◆ **Records shown**:
*** Block opens ***

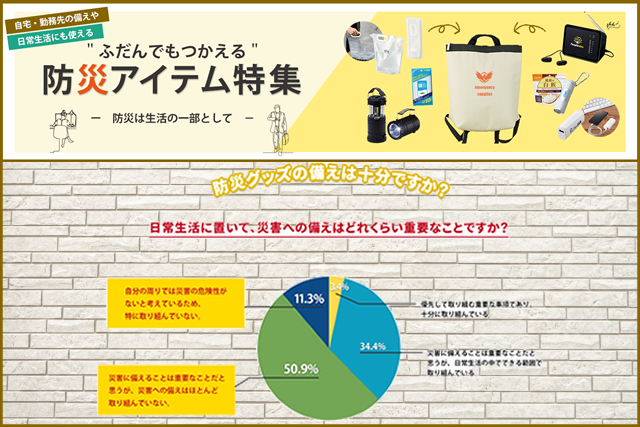 地震や大雨など異常気象が毎年のように発生し日本では常に防災対策が必要となっています。販促ノベルティ卸売りセンターでは“ふだんでもつかえる”をコンセプトにいざという時に必要なグッズを多数ご紹介します。
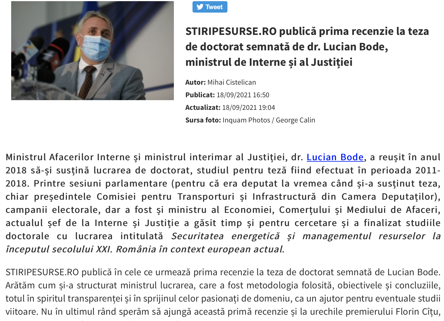 - Lucian Bode reprezintă în acest moment două portofolii: Internele şi Justiţia, şi asta înseamnă foarte mult pentru acest moment punctual;
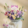 A graceful medley of blooms comes together as a luxurious celebration of colour and blessings. Oriental lilies, chrysanthemums, peach roses, carnations, and charming purple daisies unfold in perfect harmony. Fresh eucalyptus imparts a touch of gentle freshness, elevating the bouquet with its serene and uplifting essence. Each petal radiates warmth and beauty, making this exquisite floral creation a refined way to share joy, gratitude, and heartfelt wishes during Eid. - Total No. of Stems: 28 - Oriental Pink Lily, Mauve Spray Chrysanthemum, Peach & Deep Purple Rose, Purple Carnation, Purple Daisy, Eucalyptus - Eid Mubarak Tag - Basket, Macrame Boat with Handle
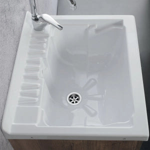 VSL133 Lavatoio MEDUSA 60x50 in ABS - L.60xP.50 Lavatoio in ABS completo di sifone e asse in legno, predisposto per rubinetteria monoforo laterale. Colore bianco lucido
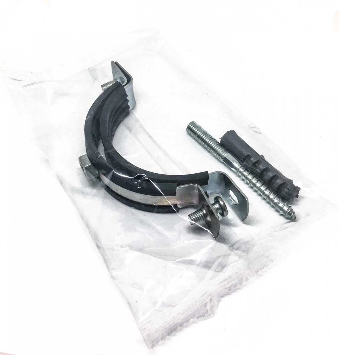 Сантехнические трубные хомуты для крепления водопроводных и канализационных труб по ГОСТ 24140-80 являются чрезвычайно востребованной позицией. Выпускаются хомуты всех трубных размеров. Хомуты снабжены резиновым профилем и приварной гайкой. Стандартные металлические крепежи с резиновым профилем предлагаются с болтом на М8 или М10.
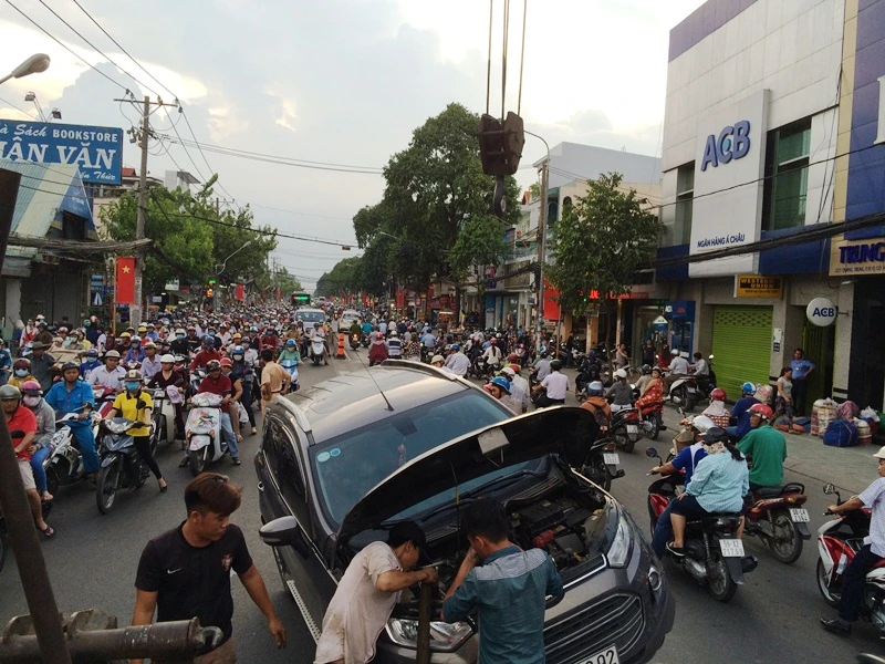 Tại hiện trường, chiếc xe bị hư hỏng nặng phần đầu, nằm chỏng chơ trên dải phân cách giữa đường. Vụ việc khiến giao thông khu vực bị ùn ứ nghiêm trọng, hàng ngàn phương tiện khó nhọc di chuyển ở cả hai làn xe kéo dài nhiều km.
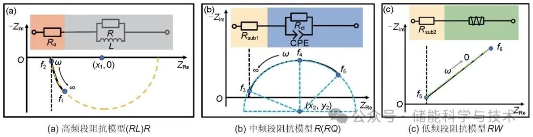 高频感抗阶段与LIBs本身无关,不提供有关电池电化学状态的有价值信息,通常对该阶段的数据进行裁剪,但基于该段EIS可辨识出阻抗谱与实轴的交点,即欧姆内阻Ro,构建如图3(a)所示的高频段阻抗模型(RL)R,阻抗表达式如下:
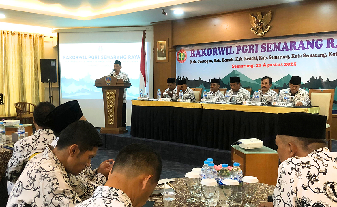 [Jum'at, 22 Agustus 2025] "Rapat Koordinasi Wilayah PGRI Semarang Raya yang meliputi Kabupaten Grobogan, Kabupaten Demak, Kabupaten Kendal, Kota Semarang, dan Kota Salatiga telah dilaksanakan pada Jum’at, 22 Agustus 2025, bertempat di Wisma P4G Universitas PGRI Semarang Kampus 2, Jl. Sriwijaya, Kota Semarang. Kegiatan ini berjalan dengan baik dan lancar."
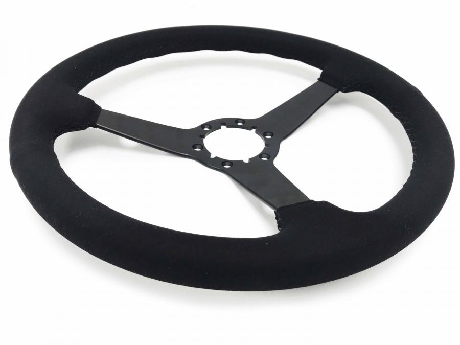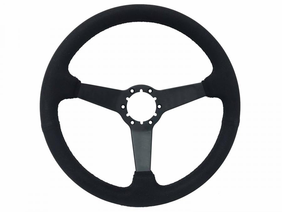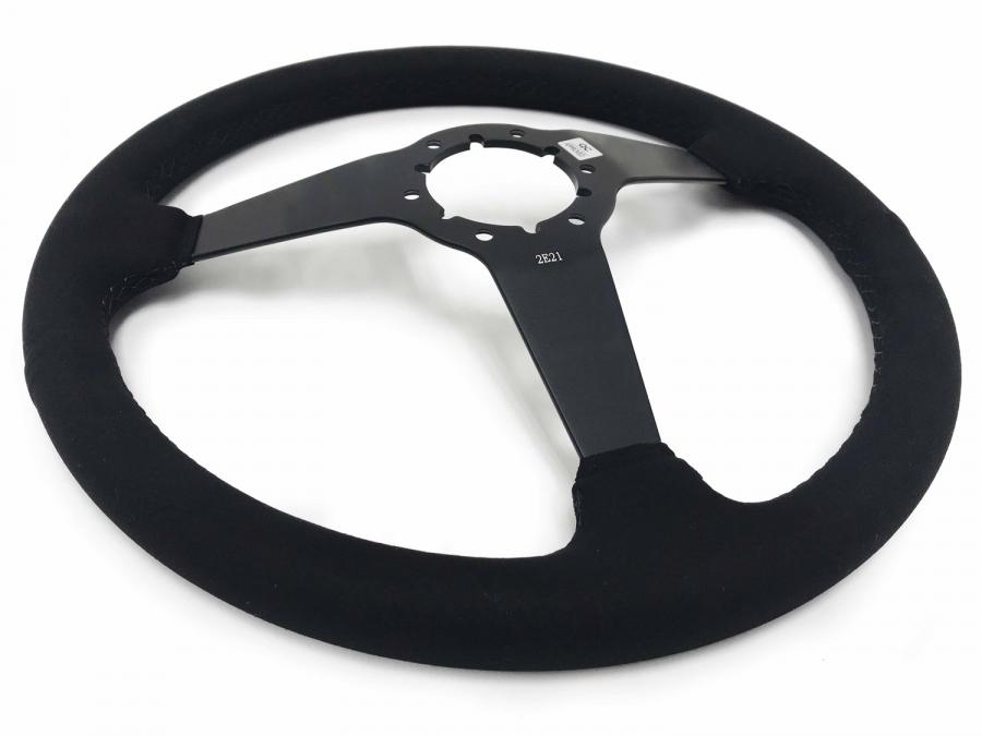 S6 Sport Suede series come in ultraluxe suede grip option, similar to alcantara with black anodized center finish and solid spoke design. They feature a 14 in. diameter with a 2 in. depth for turn signal clearance.
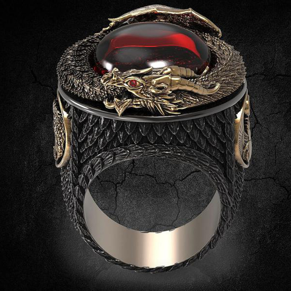3d Dragão Phoenix Titânio Aço Preto Ouro Rubi Red Cristal Moda Jóias Anéis Dos Homens Do Punk Animal

*** Block closes ***

◆ **Task statement**: Every line from the one containing "Сантехнические трубные хомуты" through the last line of the records is to be reproduced exactly, with pictures left out and nothing else given.

◆ **Task answer**:
 Сантехнические трубные хомуты для крепления водопроводных и канализационных труб по ГОСТ 24140-80 являются чрезвычайно востребованной позицией. Выпускаются хомуты всех трубных размеров. Хомуты снабжены резиновым профилем и приварной гайкой. Стандартные металлические крепежи с резиновым профилем предлагаются с болтом на М8 или М10.
 Tại hiện trường, chiếc xe bị hư hỏng nặng phần đầu, nằm chỏng chơ trên dải phân cách giữa đường. Vụ việc khiến giao thông khu vực bị ùn ứ nghiêm trọng, hàng ngàn phương tiện khó nhọc di chuyển ở cả hai làn xe kéo dài nhiều km.
 高频感抗阶段与LIBs本身无关,不提供有关电池电化学状态的有价值信息,通常对该阶段的数据进行裁剪,但基于该段EIS可辨识出阻抗谱与实轴的交点,即欧姆内阻Ro,构建如图3(a)所示的高频段阻抗模型(RL)R,阻抗表达式如下:
 [Jum'at, 22 Agustus 2025] "Rapat Koordinasi Wilayah PGRI Semarang Raya yang meliputi Kabupaten Grobogan, Kabupaten Demak, Kabupaten Kendal, Kota Semarang, dan Kota Salatiga telah dilaksanakan pada Jum’at, 22 Agustus 2025, bertempat di Wisma P4G Universitas PGRI Semarang Kampus 2, Jl. Sriwijaya, Kota Semarang. Kegiatan ini berjalan dengan baik dan lancar."
 S6 Sport Suede series come in ultraluxe suede grip option, similar to alcantara with black anodized center finish and solid spoke design. They feature a 14 in. diameter with a 2 in. depth for turn signal clearance.
3d Dragão Phoenix Titânio Aço Preto Ouro Rubi Red Cristal Moda Jóias Anéis Dos Homens Do Punk Animal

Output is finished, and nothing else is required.